§ SOURCE RECORDS:

════════════════

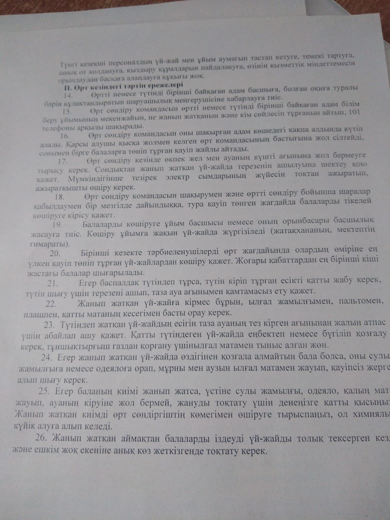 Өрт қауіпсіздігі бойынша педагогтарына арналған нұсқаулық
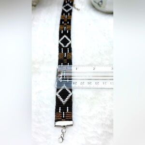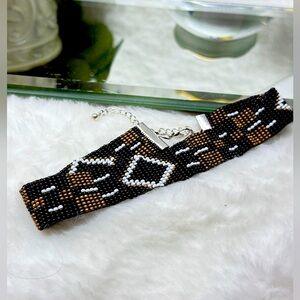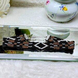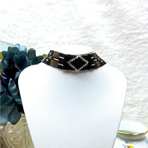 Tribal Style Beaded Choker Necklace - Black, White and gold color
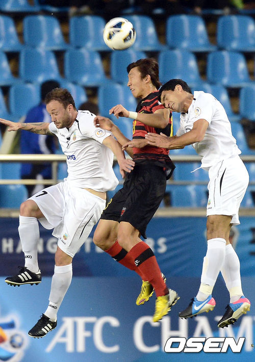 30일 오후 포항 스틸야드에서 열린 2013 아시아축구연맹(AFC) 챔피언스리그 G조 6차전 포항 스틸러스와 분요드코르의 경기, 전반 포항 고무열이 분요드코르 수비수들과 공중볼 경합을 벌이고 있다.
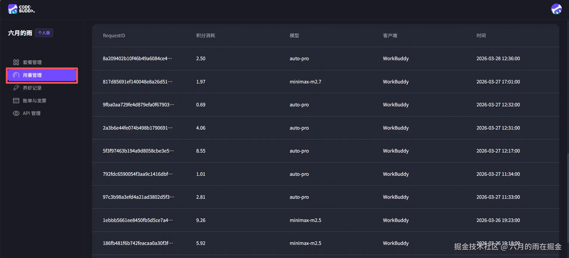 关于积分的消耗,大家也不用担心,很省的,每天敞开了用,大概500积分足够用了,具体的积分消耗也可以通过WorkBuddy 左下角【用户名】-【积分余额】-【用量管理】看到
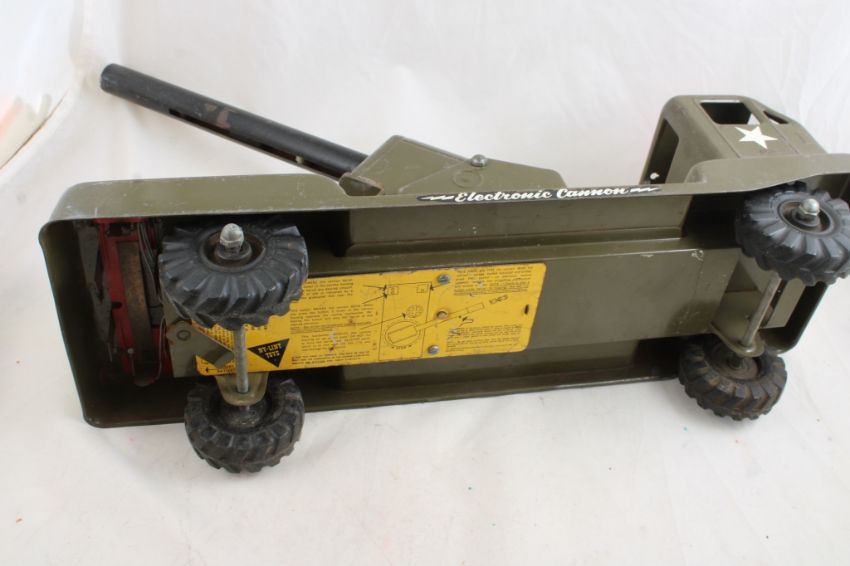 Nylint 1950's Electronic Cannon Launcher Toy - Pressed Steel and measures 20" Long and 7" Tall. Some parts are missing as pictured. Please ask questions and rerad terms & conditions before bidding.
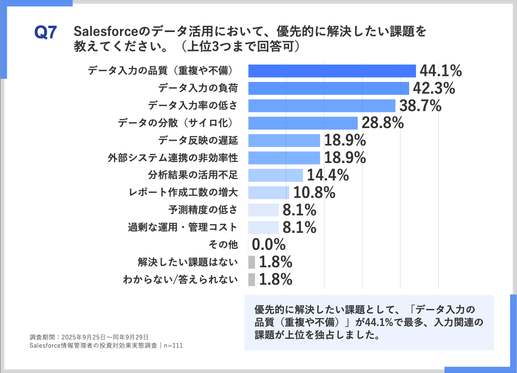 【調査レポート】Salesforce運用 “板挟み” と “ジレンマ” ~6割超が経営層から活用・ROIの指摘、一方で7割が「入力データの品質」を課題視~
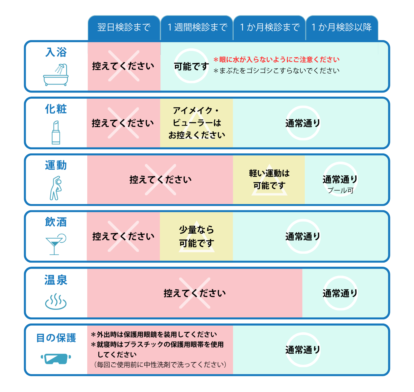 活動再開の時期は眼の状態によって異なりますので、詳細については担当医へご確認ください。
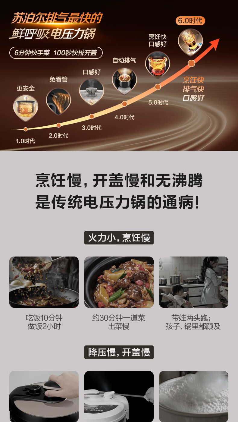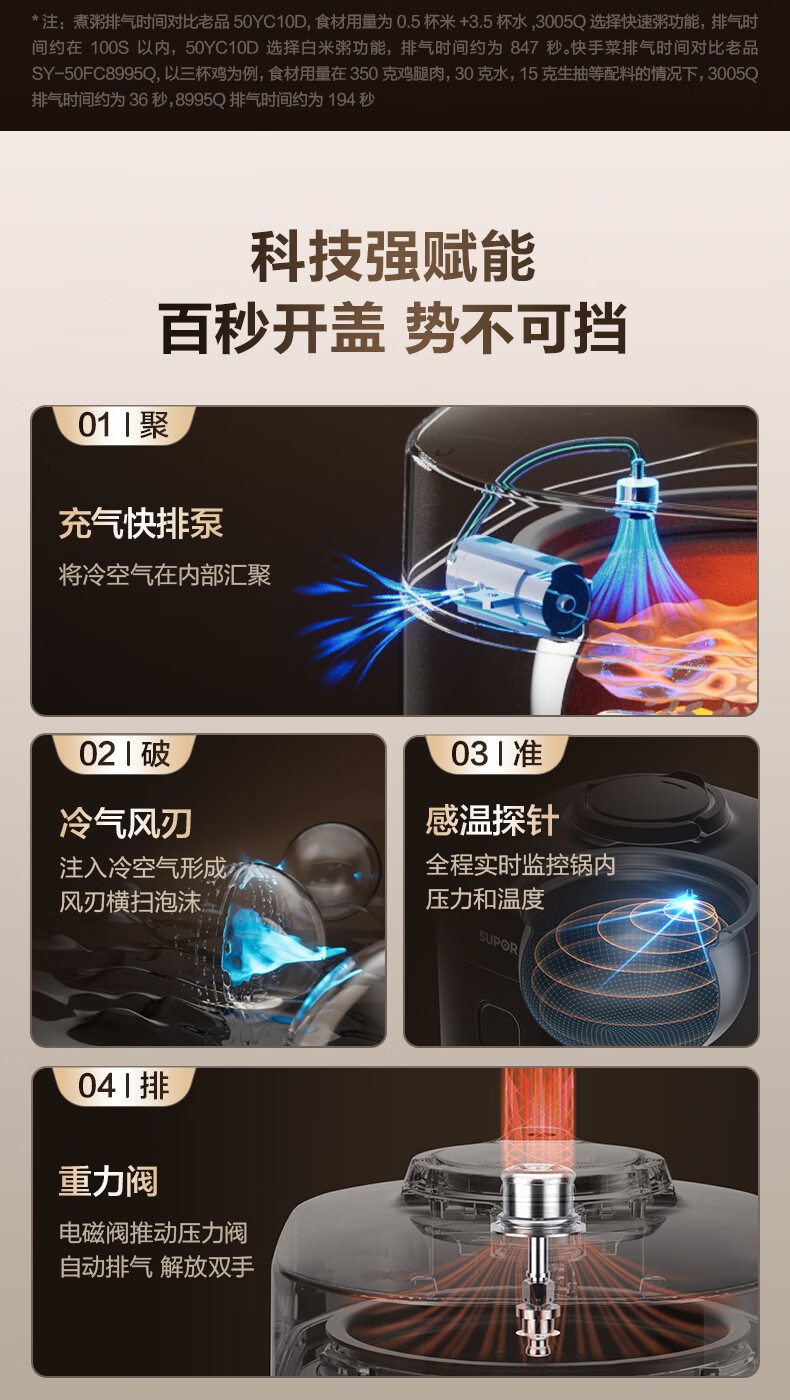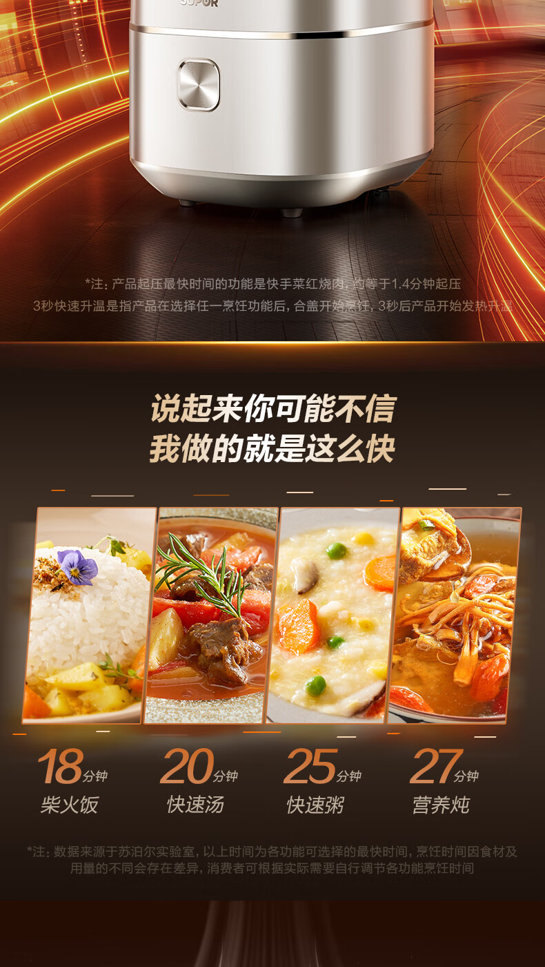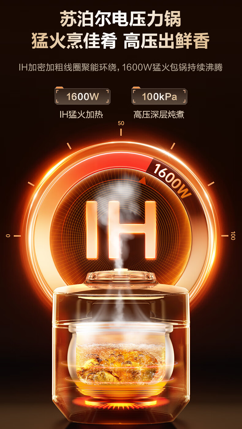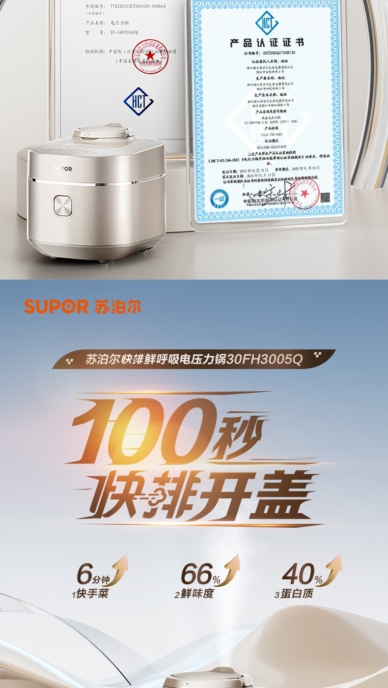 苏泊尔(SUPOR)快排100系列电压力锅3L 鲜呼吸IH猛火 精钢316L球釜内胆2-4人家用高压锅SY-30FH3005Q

════════════════

§ TASK TO COMPLETE: Above are the records; repeat their lines from the first through the line containing "关于积分的消耗,大家也不用担", and leave out each picture.

§ EXPECTED OUTPUT:
 Өрт қауіпсіздігі бойынша педагогтарына арналған нұсқаулық
 Tribal Style Beaded Choker Necklace - Black, White and gold color
 30일 오후 포항 스틸야드에서 열린 2013 아시아축구연맹(AFC) 챔피언스리그 G조 6차전 포항 스틸러스와 분요드코르의 경기, 전반 포항 고무열이 분요드코르 수비수들과 공중볼 경합을 벌이고 있다.
 关于积分的消耗,大家也不用担心,很省的,每天敞开了用,大概500积分足够用了,具体的积分消耗也可以通过WorkBuddy 左下角【用户名】-【积分余额】-【用量管理】看到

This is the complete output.